As rádios emitem em várias frequências. Estes episódios, contudo, situam-se numa frequência diferente, não uma de rádio, mas de radio. Como em Radioterapia. Episódios de um tratamento oncológico (à suivre)
Sexta-feira, 08 de Março de 2013

Noutro dia lembrei-me de me pôr a contar metástases. Agora vejo que talvez não tenha sido a coisa mais inteligente a fazer durante a tarde, mas os momentos parvos não escolhem alturas. Contar metástases exige uma certa arte e metodologia. Conto só as que posso apalpar? Conto só as que foram "formalmente identificadas" como tal num exame médico? Conto tudo a eito e ainda introduzo dados estatísticos?
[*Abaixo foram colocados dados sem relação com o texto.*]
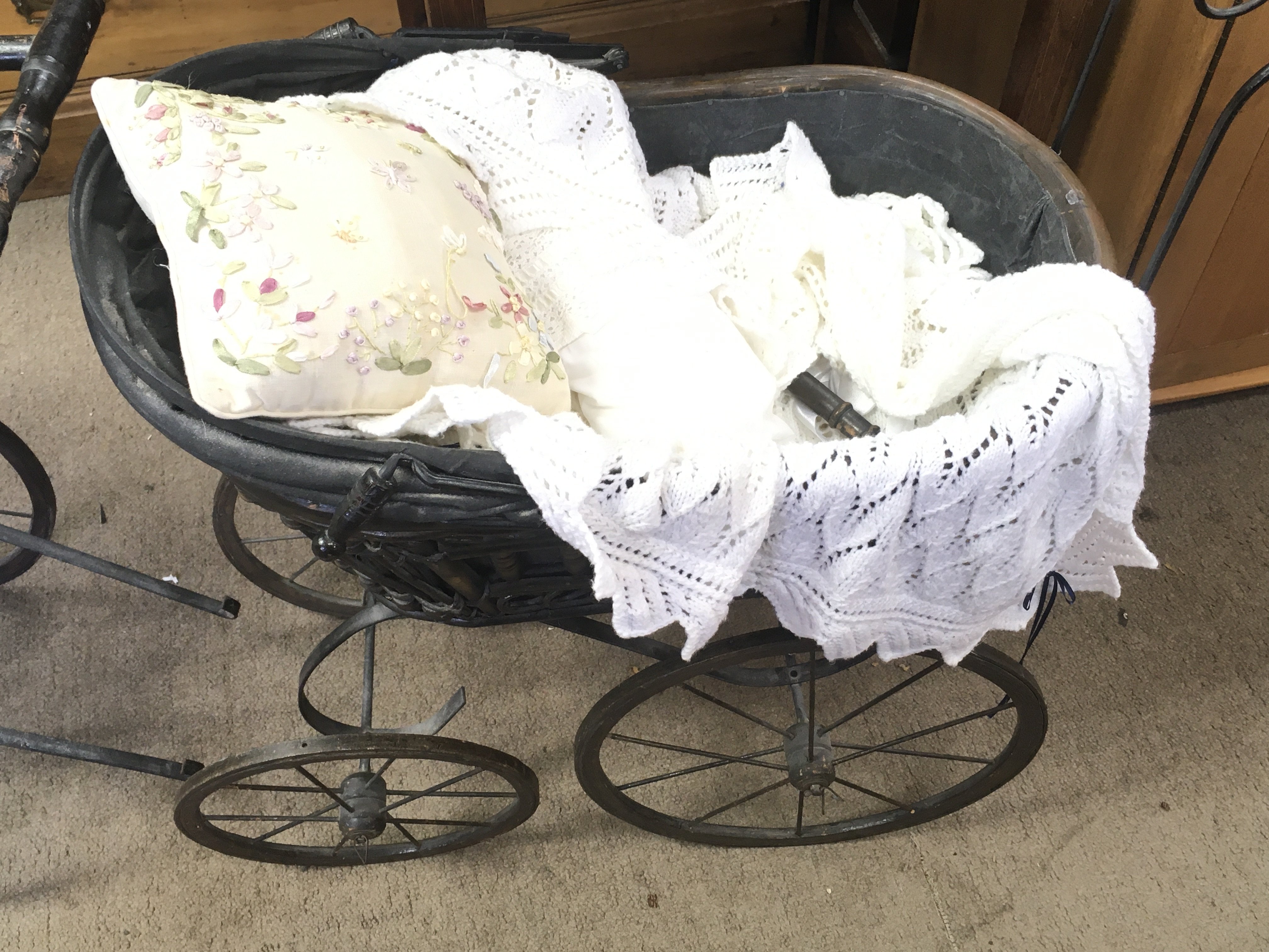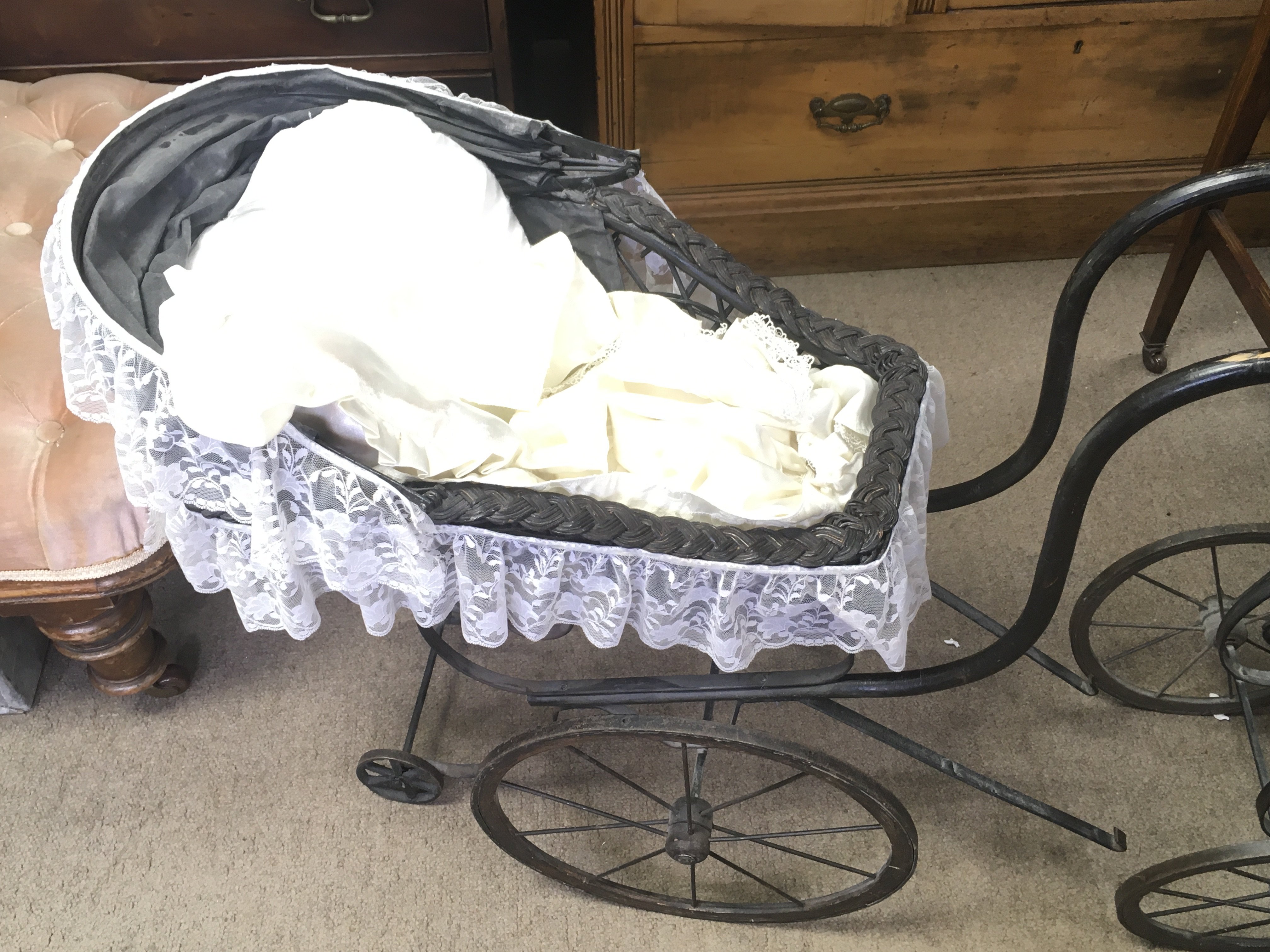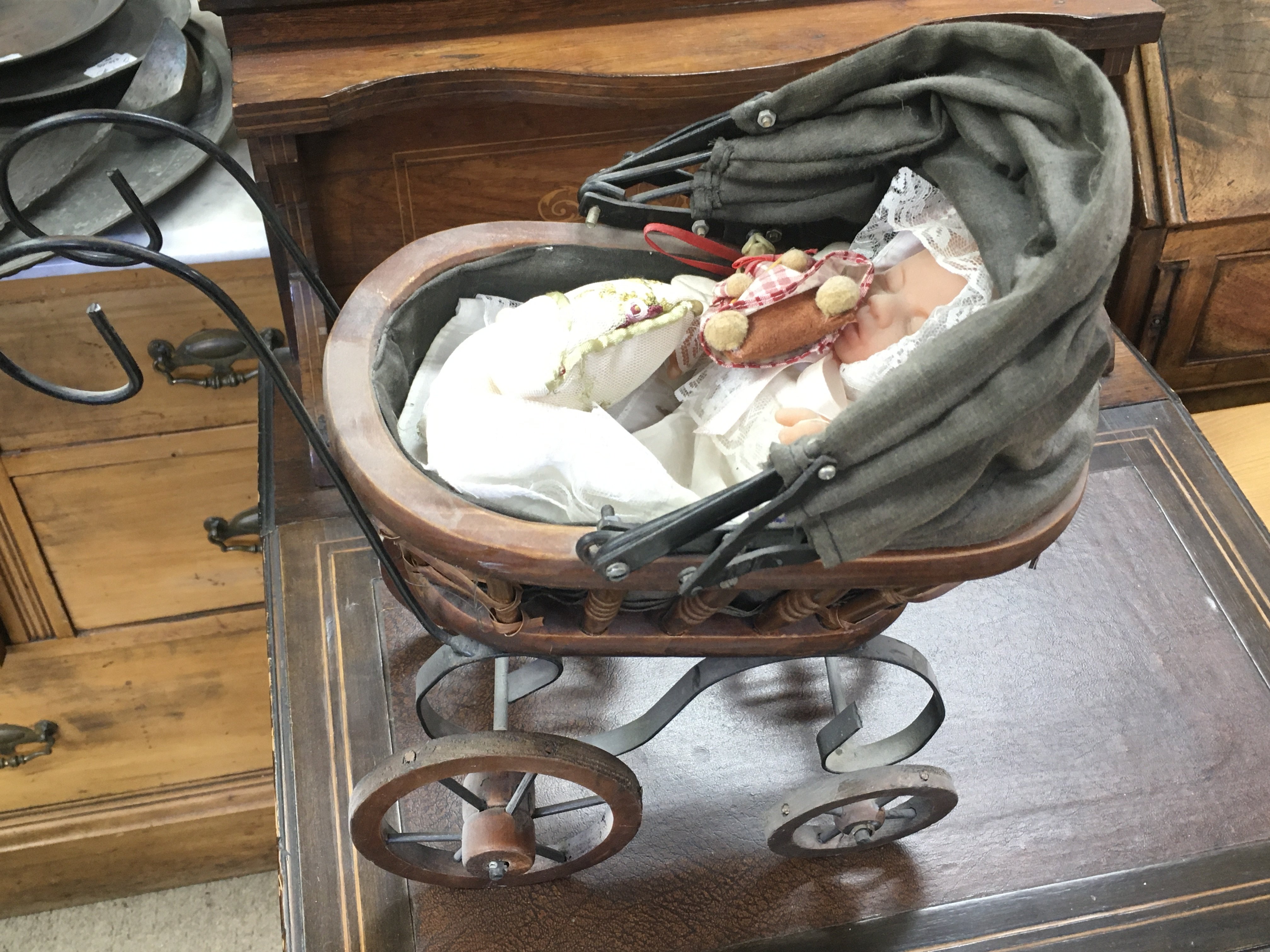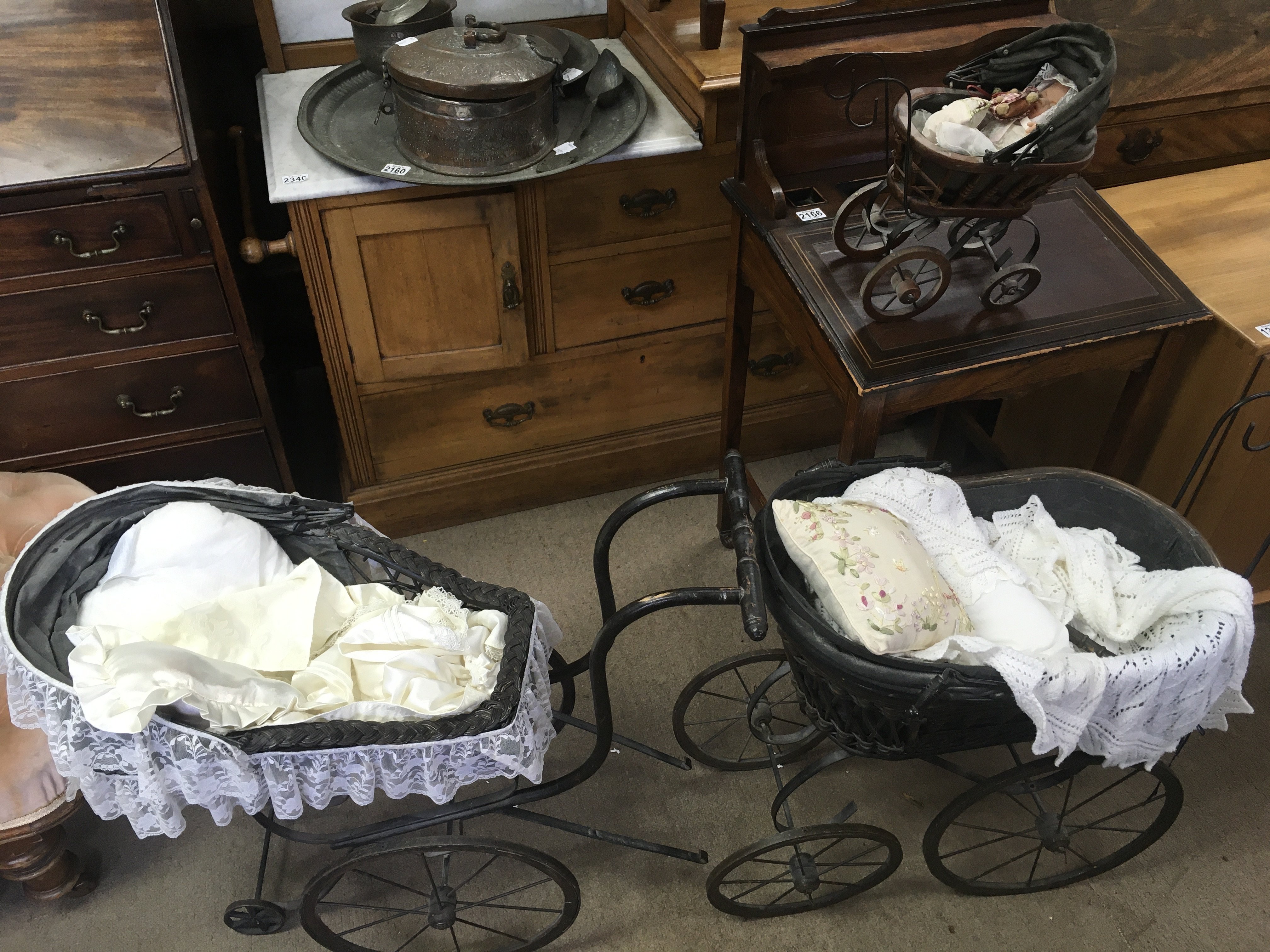 Two vintage dolls prams and a small pram with doll.

Decidi contar as que foram "formalmente identificadas" como tal nos exames (mesmo que já tenham sido tratadas com Radioterapia), e também aquelas que eu posso apalpar e afirmar que são metastases quase sem sombra de duvida... E a coisa processou-se mais ou menos assim:

 

5 (cérebro) + 1 + 1 + 1 (cabeça) + 1 + 1 (pescoço) + 1 + 1 + 1 (mediastino) + 3 (mamas) + 2 (rins) + 1 + 1 + 1 + 3 (ossos) + 1 + 1 (gânglios), o que dá um extraordinário total de 26 metástases! Isto num corpo de 1,62cm e entre 43-44kg.

 

Fecho os olhos e sei que em cada cm3 do meu corpo se passeia uma célula cancerígena. Parece que foi num foguete que chegámos até aqui. Como é que eu posso explicar que num período de 2 a 3 semanas a minha situação se degradou tanto ao ponto de já não conseguir andar sozinha na rua, porque não tenho forças nas pernas e também porque tenho medo de me desequilibrar e cair; ao ponto de já não conseguir engolir alimentos sólidos, nem medicamentos, portanto estou a regime de líquidos. Quase todos os dias tenho febre; normalmente vem à noite, do esforço de viver o dia-a-dia. Tomar banho é um esforço tal que me provoca febre, assim como estar concentrada durante muito tempo (dai a ausência de posts, não ando sem vontade de escrever nem com falta de ideias, pelo contrario, apetece-me e sinto que preciso, mas canso-me imenso).

 

Todas as minhas actividades têm de ser calculadas ao milímetro, para gerir a energia consumida e a energia que me sobra. Senão não aguento. Um pormenor (MUITO) importante: continuo a viver sozinha, mas para isso tenho tido muita ajuda, da família e dos amigos. Agradeço-lhes todos os dias o esforço que fazem, o tempo (deles) que perdem comigo, porque tenho perfeita noção que poderia estar hospitalizada e pronto. Mas assim posso estar em casa, que é o melhor para mim neste momento, se considerarmos bem-estar físico e mental.

 

 

 

[desculpem se houver muitos erros, esta cabeça já esteve mais eficaz...]

publicado por Silvina às 10:25

Comentário apagado.
Anónimo a 15 de Abril de 2013 às 11:02

Estou aqui a tentar escrever alguma coisa coerente, mas apesar de não conhecer pessoalmente a Silvina, o choro não me larga. Porque ela era uma verdadeira guerreira, admirável, grandiosa, e cheia de tanta coragem, lucidez, e inteligência, que no meu íntimo uma pequena voz me dizia "se alguém merece vencer esta puta desta doença é esta mulher, e se isso não acontecer, então é porque de facto não pode haver justiça no mundo".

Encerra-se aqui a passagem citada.